Why do you listen to records?


Do you listen to records for the SQ, or do you just prefer to listen to music through this medium?  
I find myself putting records on occasionally, ( I have a large  collection) but I’m not sure if it’s because of their sound.  I certainly have the availability of millions of songs or compositions to listen to by streaming, and the sound quality is just abut the same, and, of course, the variety is endless.

So why listen to records?

rvpiano

smileywinkyes

Here's an excellent idea for your acoustic/electric/mechanical experimentation extravaganza.

While you are DJ'ing (wacking away at your turntable with those straws), pull a couple of extra straws from your helmhlotzing speaker ports and stick it up you know where...it could convert yourself wholesomely into a helmholtz resonator, not just the speaker.

That would be some genius helmholtz level acoustic/mechanical/electrical concepts in implementation, i bet.....(acoustic acoustic)

@newton_john 

As I remember it now, what originally prompted me to write this post was that when I listen to records I tend to listen more for the sound than the music, and was wondering if others did the same thing.

@milehighguy ”has the world always been this angry?”

No.

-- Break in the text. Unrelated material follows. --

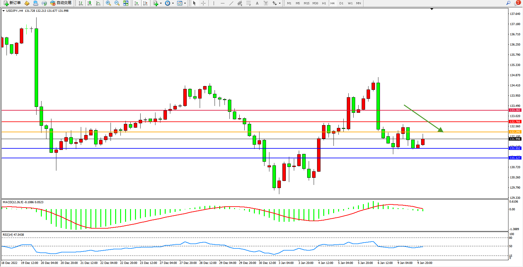 交易策略:132.295下方看跌,目标131.552、131.127

I don’t think so. There has been a trend over the last few decades of entitlement, anonymity (internet), and Political rhetoric that has stoked the internal bias of fear over contentment. The current era reminds me of Churchill’s first volume of World War 2: ‘The Gathering Storm’.

@parkergetdean 

Sorry, we were talking at cross purposes. However, I still disagree. 

Yes, we’ve had two new formats in the past forty years, CD and streaming. Maybe, some of us have the exactly same turntable they did forty years ago, but mine has got massively better than it was then. In general, they have come a long way.

There have been big technological improvements in bearings, motors, new materials for plinths, power supplies, isolation, MC cartridges, phono stages, optical cartridges, record cleaners, etc. Not to mention digital coming into the processing involved in making records and their replay. Vinyl has developed and evolved alongside the new formats.

@newton_john I don't have strong feelings to argue, whatever.

We can say that a TT being 99.99% more stable, the speed being 99.99% closer to the atomic clock are massive improvements. 

To me, fundamentally, it's refinements, not paradigm shifts, and new technologies introduced.